Another thing I did not think about before is that the lamport clock can actually help to easier understand read/query/search responses if you aggregate results from multiple nodes (lamport clocks does provide value when you look at both write and read, not only write)

from peerbit.

tabcat avatar tabcat commented on August 11, 2024

Lamport clocks don't add much value IMO. As you said, using nexts they don't provide anymore information. They can also be played with a lot; which shouldn't actually affect ordering that much funnily enough since ordering by nexts always come first. Meaning, whether the clocks are being used correctly or after being poisoned, it should make no difference as long as there are are not completely disjoint and even then the logical clock can be emulated with the merkle one.

I could see in some situations where the logical clock may be more efficient to depend on but I don't think the trade off is worth. It complicates things and opens up area for shenanigans without offering much and less reliable ordering than the merkle clock.

Main issue with removing the clock on Peerbit as of now is how to order unrelated documents in a document store, if they are not connected to each other in any meaningful way (like through a shared clock).
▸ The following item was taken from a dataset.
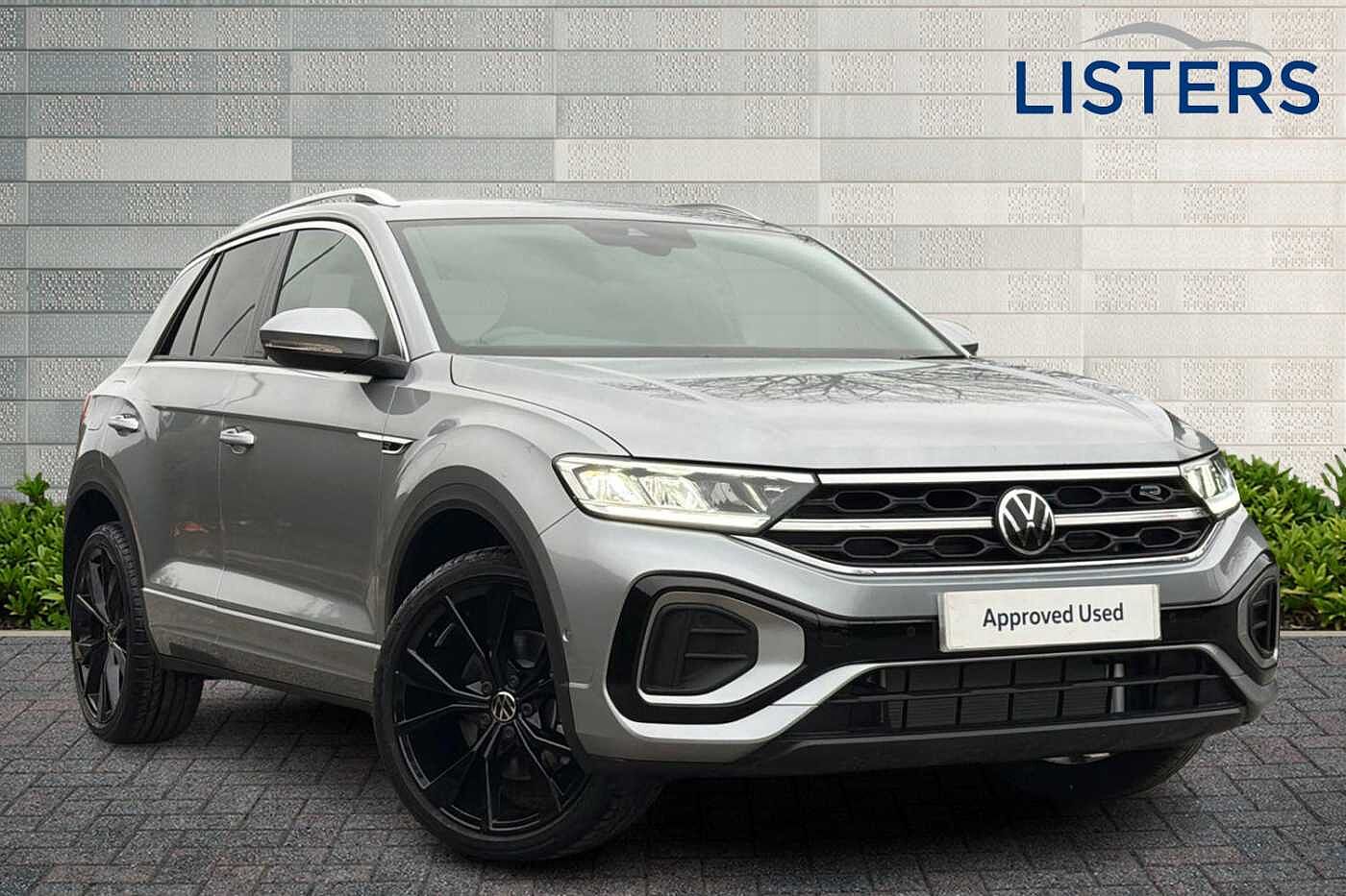 Ex-Demo, 0 Previous Owners, Franchise Approved, Available from 01/03/2026. Volkswagen T-Roc Hatchback 1.5 TSI R-Line 5dr DSG in Pyrite Silver. Specification Includes Safety,Rear view camera,Interior Features,Heated leather wrapped multi function sports steering wheel with tiptronic,Security,Keyless locking and starting system keyless access with safelock,Wheels,19in Misano alloy wheels with low rolling resistance and anti theft wheel bolts,Exterior Features,Front windscreen wiper with intermittent wipe and 4 position delay,Heated rear window,Power windows with comfort operation and circuit breaker,Privacy glass for rear side windows and rear window,Rain sensor,Rear wash/wipe with intermittent wipe setting,Body coloured exterior mirror housings and door handles,Extended roof spoiler,External USB type C socket and charging sockets,R-Line design body coloured bumpers,Rear exhaust tailpipe,Rear side wing doors,Automatic hazard lights activation under emergency braking,Automatic headlight control with LED separate daytime running lights with coming/leaving home function,LED 3rd brake light,LED rear combination lamps,LED rear number plate lights,Rear fog light on one side and reversing lights on both sides,Safety,ABS,City emergency braking and pedestrian monitoring,Electronic parking brake,Electronic Stability Control (ESC) inc EDL (Electronic Differential Lock) and ASR (Traction Control),Hill start assist,Rear disc brakes,Volkswagen roadside assistance,Advanced driver attention and drowsiness monitor,Lane keeping system Lane Assist,Modified key software - reduce switch off time for key status change to Long no motion,Park assist including front and rear parking sensors,Auto dimming interior rear view mirror,Electrically adjustable and heated door mirrors,Exterior mirrors aspherical on driver side- convex on front passenger side,Remote electrically foldable door mirrors- puddle lights and reverse activated passenger's door mirror,3 point height adj front seatbelts + pretensioners,3 point seatbelts in outer rear with ECE label,Child locks on rear doors,Driver and front passenger airbag with front passenger airbag deactivation,Driver and front passenger safety-optimised head restraints,Drivers seatbelt reminder,Front and rear passengers curtain airbag system including front side airbags,Predictive pedestrian protection,Two tone horn,Tyre pressure loss indicator,Interior Features,Front + rear carpet mats,Air care climatronic air conditoning system with active combination filter and 2-zone temperature

How to we make sure that new entries are submitted with a truthful timestamp?

It sounds like in this situation the database is sharded and updates do not link to updates in other shards (makes sense) but does use a share clock. Shards in peerbit sound dynamic so deterministic sharding/partitioning databases doesnt work which is probably why the ordering is needed cross-shard.

It might be worth investigating randomness beacons like drand for either referencing to directly from shard entries or creating a separate beacon log with ordered drand randomness and referencing to that from shards. I havent look at drand too much, and maybe its not needed, but it might provide the ordered randomness needed.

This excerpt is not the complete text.